Diol glycidyl ether-bridged low molecular weight PEI as potential gene delivery vehicles

Abstract

A series of cationic polymers (P1–P5) were designed and synthesized using a ring-opening polymerization strategy based on low molecular weight polyethyleneimine (PEI) and using diglycidyl ethers as the bridging moiety. Although these polymers have reduced amino group density relative to 25 kDa PEI, their pH buffering capacity and deoxyribonucleic acid (DNA) binding ability were seldom affected. They were able to condense plasmid DNA (pDNA) well to form nanoparticles of suitable sizes (150–300 nm) and positive zeta potentials (+25–40 mV). Cell Counting Kit-8 (CCK-8) assays revealed that polyplexes formed from these polymers have lower cytotoxicity than those derived from PEI. Luciferase reporter gene delivery experiments indicated that these polymers have much better transfection efficiency than 25 kDa PEI, especially P2 and P5. Unlike PEI, serum has little negative effect on the transfection by these materials, and their transfection efficiencies were seldom reduced even with high concentrations of serum.
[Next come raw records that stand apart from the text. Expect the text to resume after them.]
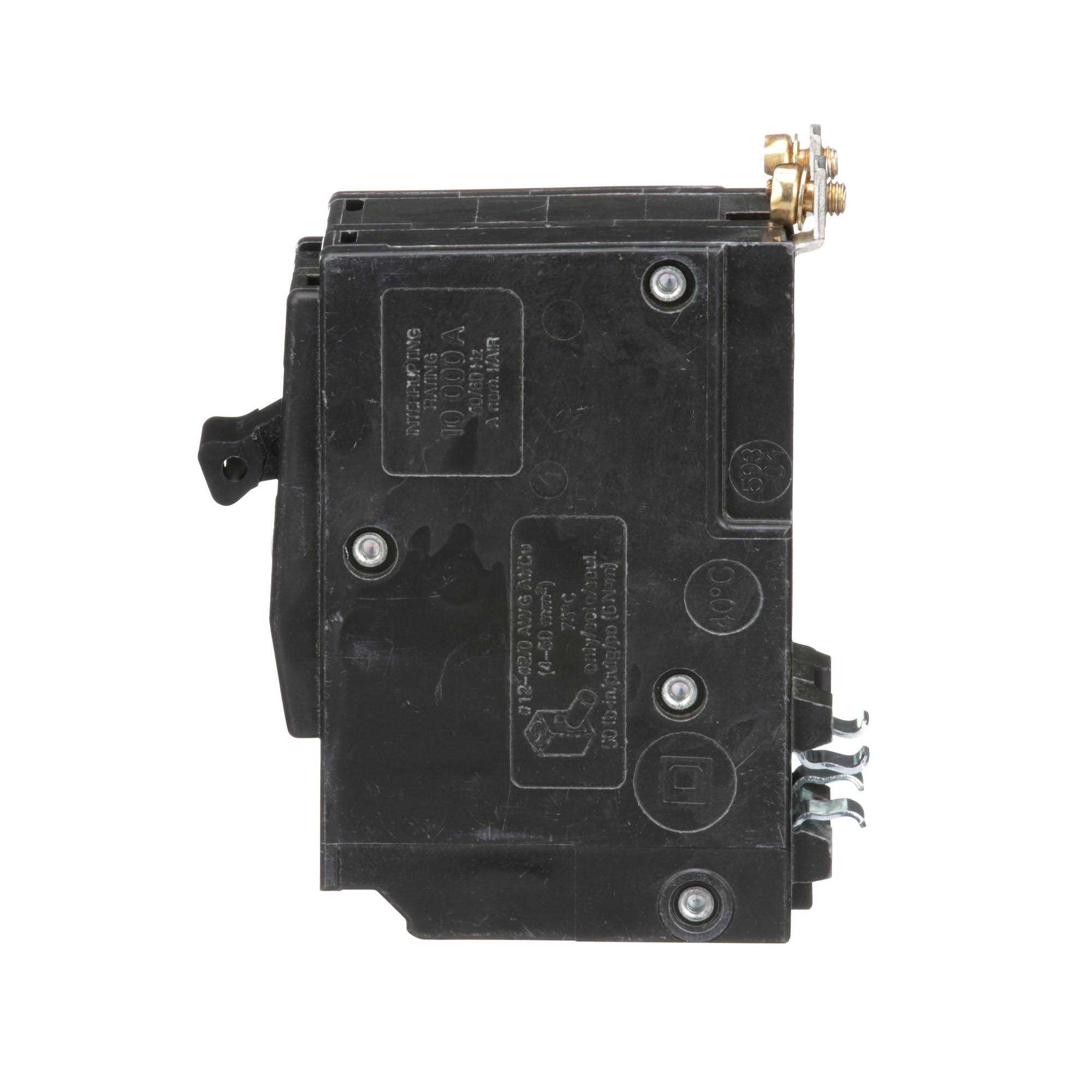 It has an interrupt current rating of 10-Kilo-Amps at 120/240-Volts AC 5-Kilo-Amps at 48-Volts DC and 10-Kilo-Amps at 120-Volts AC to provide fast short circuit interruption. The thermal magnetic trip offers overcurrent short circuit protection. This bolt-on mountable miniature circuit breaker has 2-space 100-Amp/QO frame and box lug terminal. It accommodates 4-2/0-AWG aluminum or copper conductors. Miniature circuit breaker measuring 1.5-Inch x 2.91-Inch x 3.5-Inch is suitable for use with Square D NQOD panelboards. The miniature circuit breaker meets UL CSA and HACR standards.
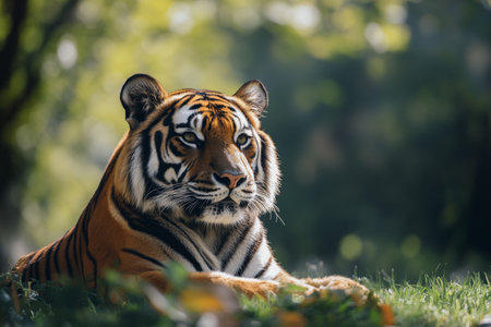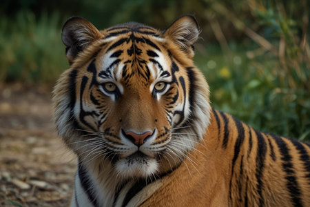 Close up of a majestic tiger, displaying its vibrant orange fur and distinctive black stripes. The animal gazes calmly, surrounded by a lush green environment, highlighting its powerful presence.
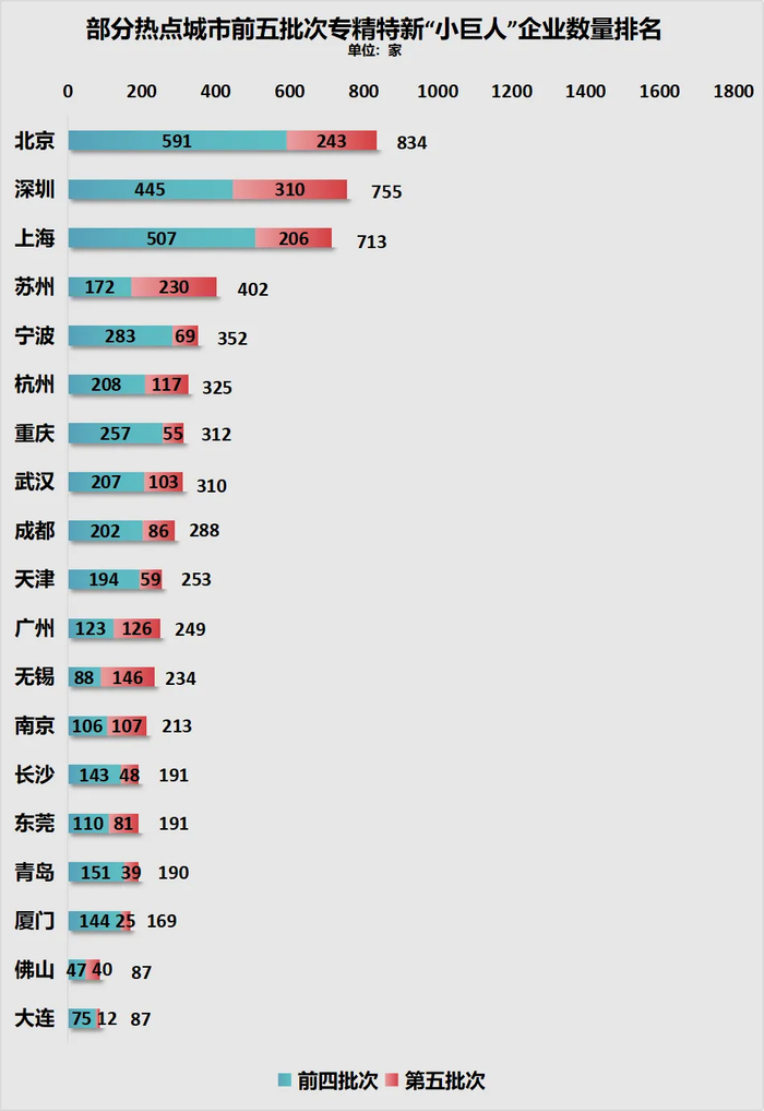 而天津,前五批次专精特新“小巨人”企业数量253家,比宁波少99家。
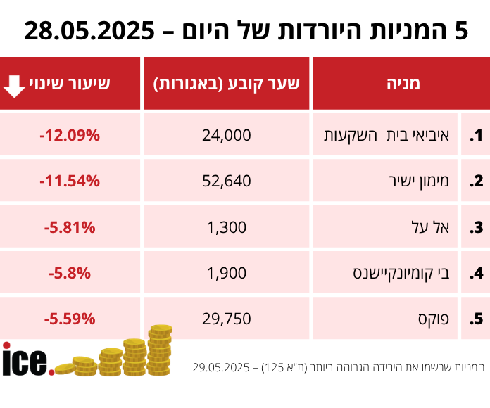 בקרב חמש המניות היורדות, המפסיקה הגדולה היא IBI בית השקעות, שמתרסקת ויורדת בשיעור של 12.09% לרמה של 24,000 אגורות. במקום השני נמצאת המניה של מימון ישיר שנופלת ומאבדת מערכה 11.54% לרמה של 52,640 אגורות.
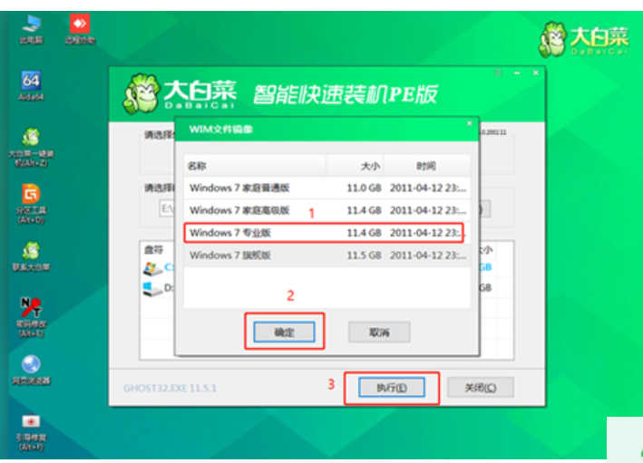 5、選擇之前準備在U盤里面的ISO鏡像安裝。參考下圖:選擇“Windows 7 SP1 64位專業版。點擊“確定”,再點擊“執行”后會彈出大白菜一鍵還原的窗口。
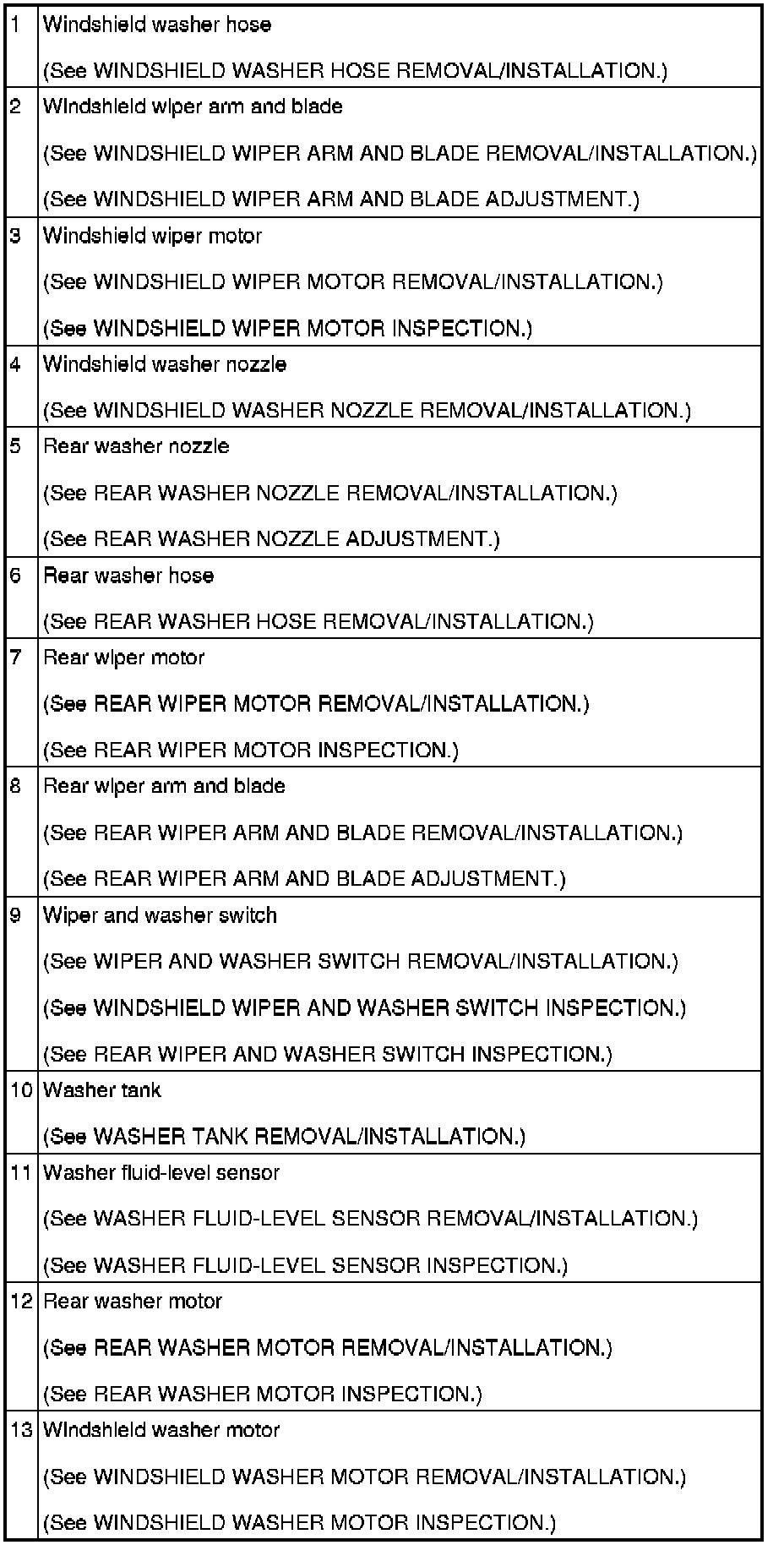 WIPER/WASHER SYSTEM LOCATION INDEX
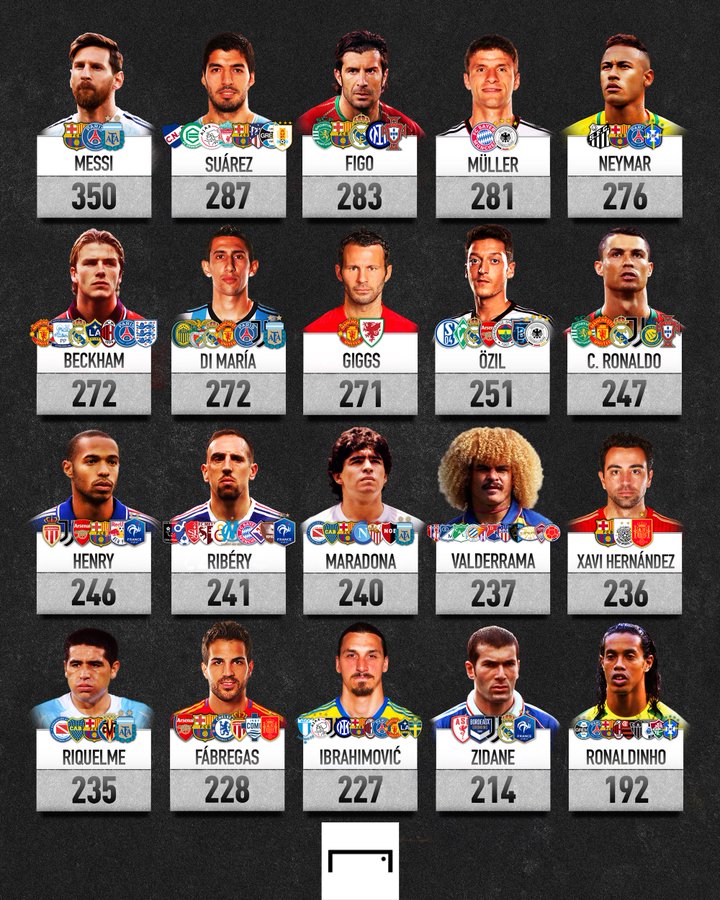职业生涯助攻数超过300个的仅梅西一人,排名第二的则是苏亚雷斯,他职业生涯共计献上287次助攻,但距离梅西还有着近70次的差距。纵观这份榜单,职业生涯仍有理论追赶机会的仅有穆勒与内马尔。
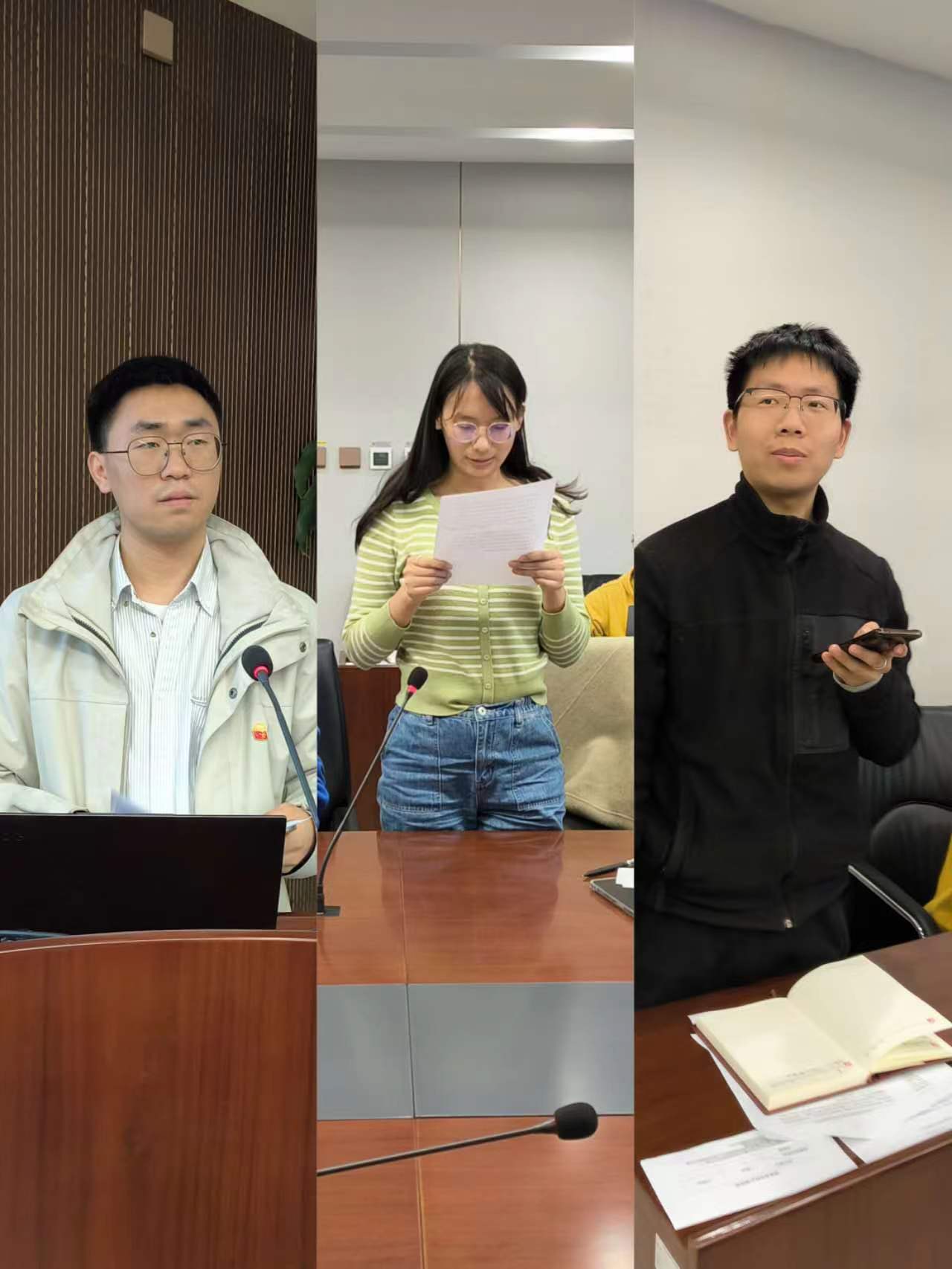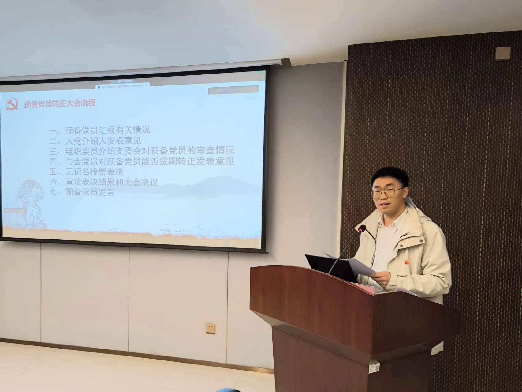 会议的第一个议程是讨论并表决马一新、庄晟逸两位预备党员转正的事宜。会议共有34名正式党员出席,符合表决条件。马一新、庄晟逸同志于2023年4月加入中国共产党,他们分别宣读了转正申请,详细汇报了在研究生阶段的理论学习、科研参与、学生工作以及平时生活等方面的经历。
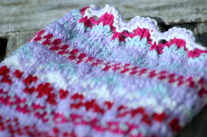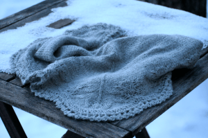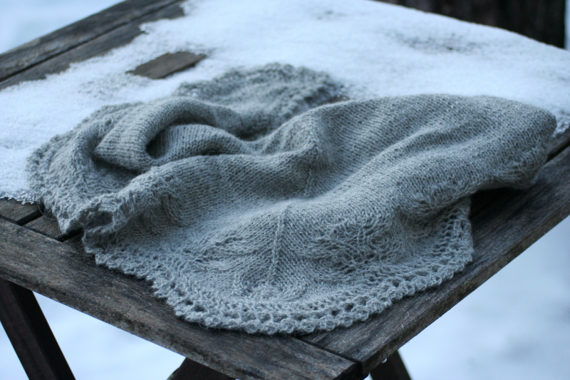 Nachdem ich das letzte Tuch verschenkt habe, habe ich mir jetzt ein gleiches aus 100% Alpakawolle gestrickt. Es wiegt 86g und wärmt ganz ausgezeichnet.
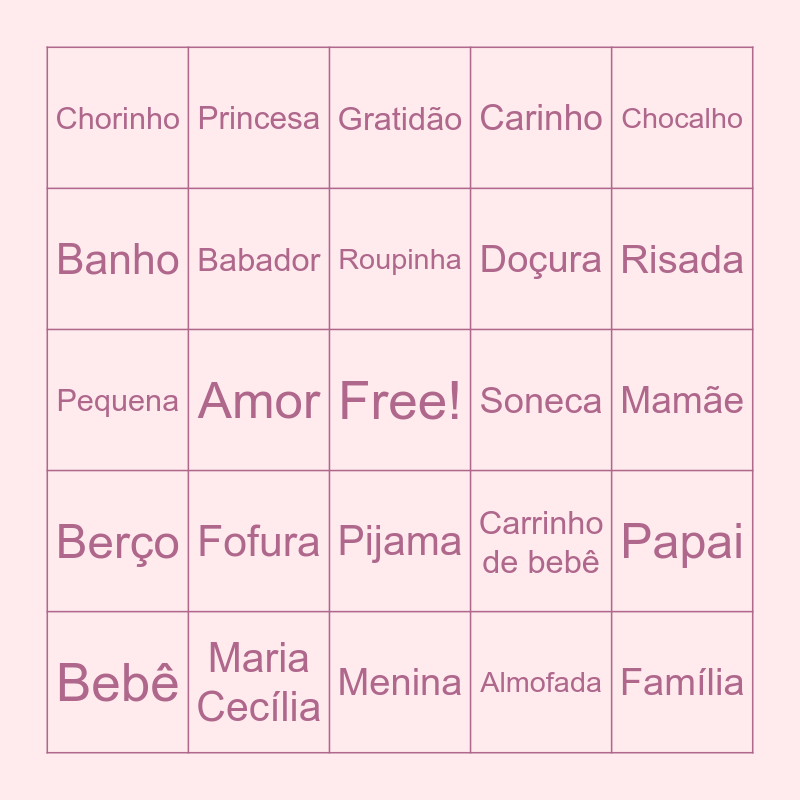 This bingo card has a free space and 36 words: Fralda, Mamadeira, Chupeta, Babador, Carrinho de bebê, Berço, Roupinha, Ursinho, Chocalho, Body, Amor, Carinho, Colo, Soneca, Risada, Chorinho, Primeiros passos, Fofura, Família, Gratidão, Mamãe, Papai, Maria Cecília, Bebê, Menina, Princesa, Pequena, Anjo, Doçura, Banho, Lencinho, Mordedor, Almofada, Pijama, Maternidade and Primeiros dentinhos.
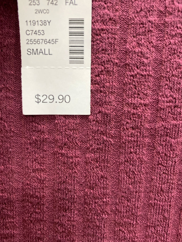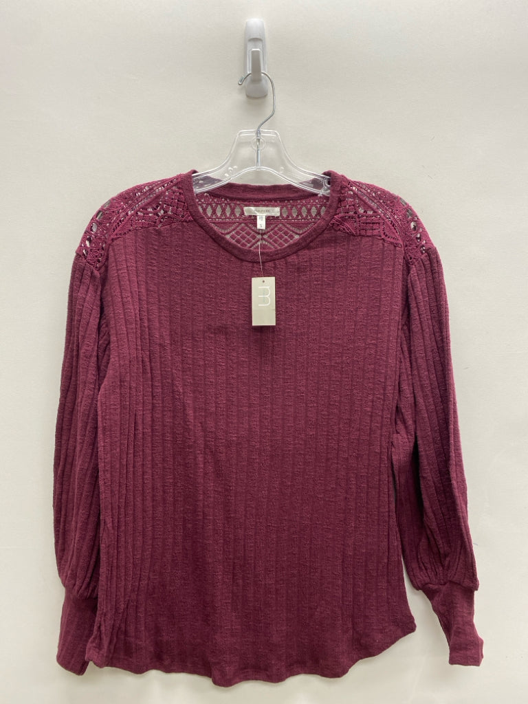 maurices Size S Burgundy Ribbed Puff Sleeve Ladies Top
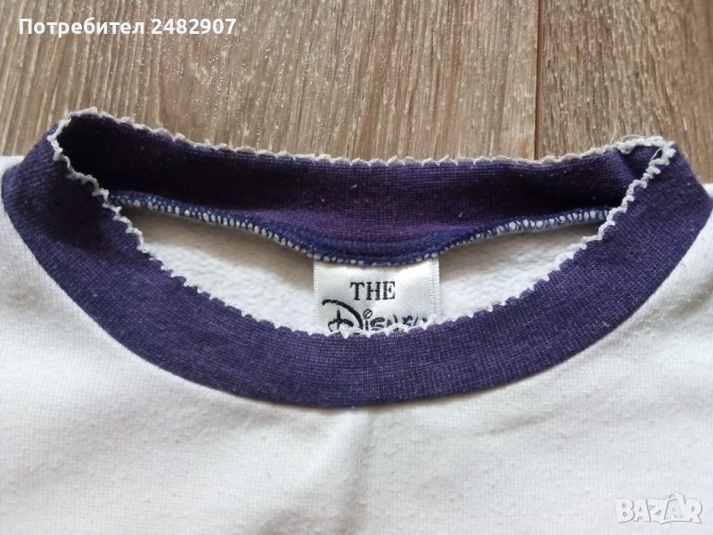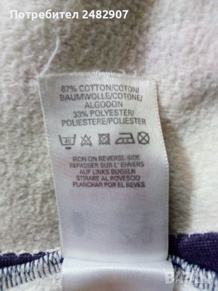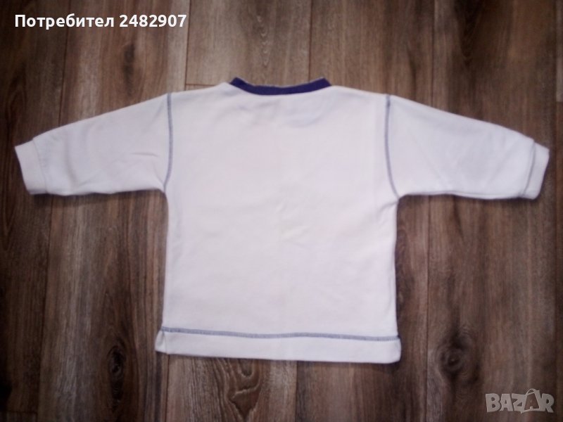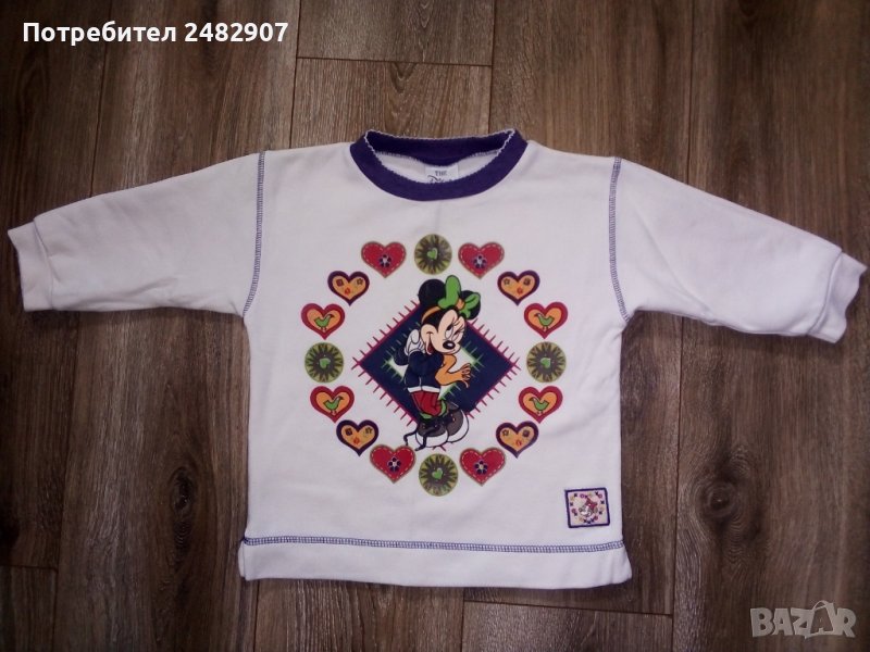 Бяла детска блузка за момиче с цветна щампа отпред. Съдържа 67 % памук и 33 % полиестер. Ширина в раменете - 34,5 см, ширина под мишниците - 37, 5 см, дължина от рамото до долу - 42 см, дължина на ръкава от рамото - 26 см. Много запазена, с нормални следи от износване.

Under optimized conditions, up to 400 times higher transfection efficiency than with PEI could be achieved. Several assays including gel electrophoresis, dynamic light scattering and transmission electron microscopy also confirmed the good serum tolerance of these polyplexes. The evenly distributed hydroxyl groups formed by the ring-opening polymerization are considered to contribute much to their high serum tolerance, and such polymerization might be a promising strategy for the design of efficient non-viral gene delivery vectors.